Did Dave get ripped off?
That’s why they
playflip thegamescoins.Good stuff from all involved, as usual.
I’d recommend a book: “The Drunkard’s Walk: How Randomness Rules Our Lives”, by Leonard Mlodinow.
I’ve worked for a couple of decades as a consulting statistician, and probably the one thing I can really say about people and statistics is: people don’t have the first goddam clue about statistics. Their brains just don’t deal with ’em. Mlodinow uses as a terrific example the “Monte Hall” problem, and points out that the overwhelming majority of people don’t get that they’re wrong about it, even after you explain it to them.
The same thing is true in baseball about, oh, what, batting average? ERA? Things everyone is sure mean lots and lots, but which actually mean not very much. It’s no wonder there’s an uphill fight in getting people to accept numerical approaches with actual predictive value: our brains just don’t work that way.
A funny thing about people’s perception of randomness, it seems like there’s an uncanny valley of sorts, where people want to assign causes to moderatly low-probabilty events, but are willing to accept pure luck on either side of the valley.
For example, Ichiro’s career batting average is .331. If he hits .340 or .315 in a season, most people accept that as the impact of randomness. On the other side of the valley is Asdrubal Cabrerra turning an unassisted triple play in 2008. There have been 14 of those recorded in all of MLB history, about 1 per 10 years. An extremely low probability event, and nobody tries to claim that, for that one play, Cabrerra somehow raised his true talent level of defense a couple or orders of magnitude.
Or Cammy’s 4 HR game back in the Good Old Days. He’s a decent hitter, and has power, but people don’t insist he did something different that day. It was just his day, things went well. Maybe he was seeing the ball really well, but people accept that as part of the randomness of life.
It’s stuff in the middle that they want an explanation for.
@Catherwood
I second that. “The Drunkard’s Walk” is a fantastic book that illuminates society misunderstanding of probabilities (especially conditional) and statistics.
@georgmi
The problem, I think, lies in defining “random”. For the purposes of baseball performance, “random” has to mean unpredictable and uncontrollable.
I think we needed this. When flipping a coin there are obviously forces at work that could be measured with the proper technology.
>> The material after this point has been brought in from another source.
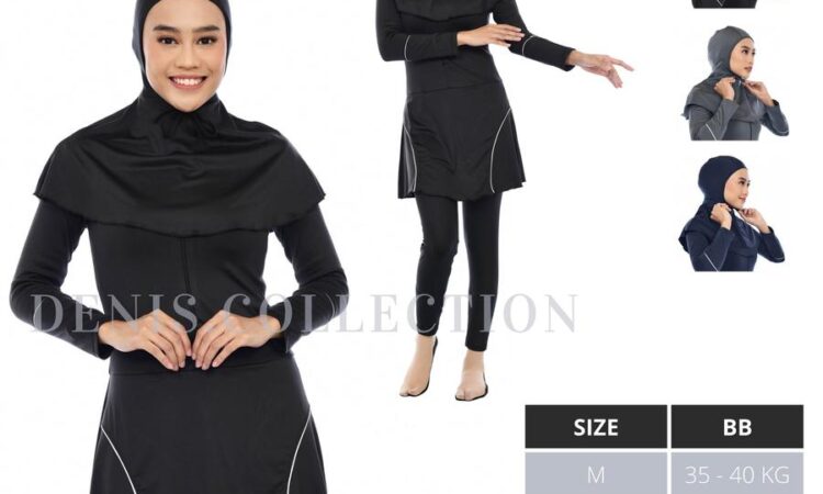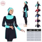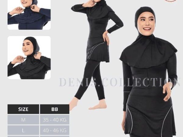 Desain modern dengan penutupan maksimal, cocok untuk wanita dewasa yang ingin berenang tetap syar’i. Terdiri dari 3 bagian lengkap: baju atasan, hijab terintegrasi, dan celana panjang dalam. Dibuat dari bahan spandek poliester premium yang elastis, nyaman, dan cepat kering. Jahitan double stitching memperkuat konstruksi produk untuk ketahanan jangka panjang. Tersedia dalam ukuran M hingga 6L, mendukung berbagai bentuk tubuh.

How hard it is flipped, where it lands, at what angle it lands, etc. But putting together all those variables is like trying to predict a molecule’s drunkard’s walk. You really can’t do it. Entering a baseball season or a game, there are enough variables going on, with the pitcher, his fielders, and the opposing batters, that finding the true cause of something can be virtually impossible. Because the results, perhaps babip or HR/FB, follow a random pattern (even if that pattern the result of a bunch of other small random variables: see central limit theorem) it should be modeled as such. A random patter that, all else equal, regresses toward the player’s mean (or possibly league mean).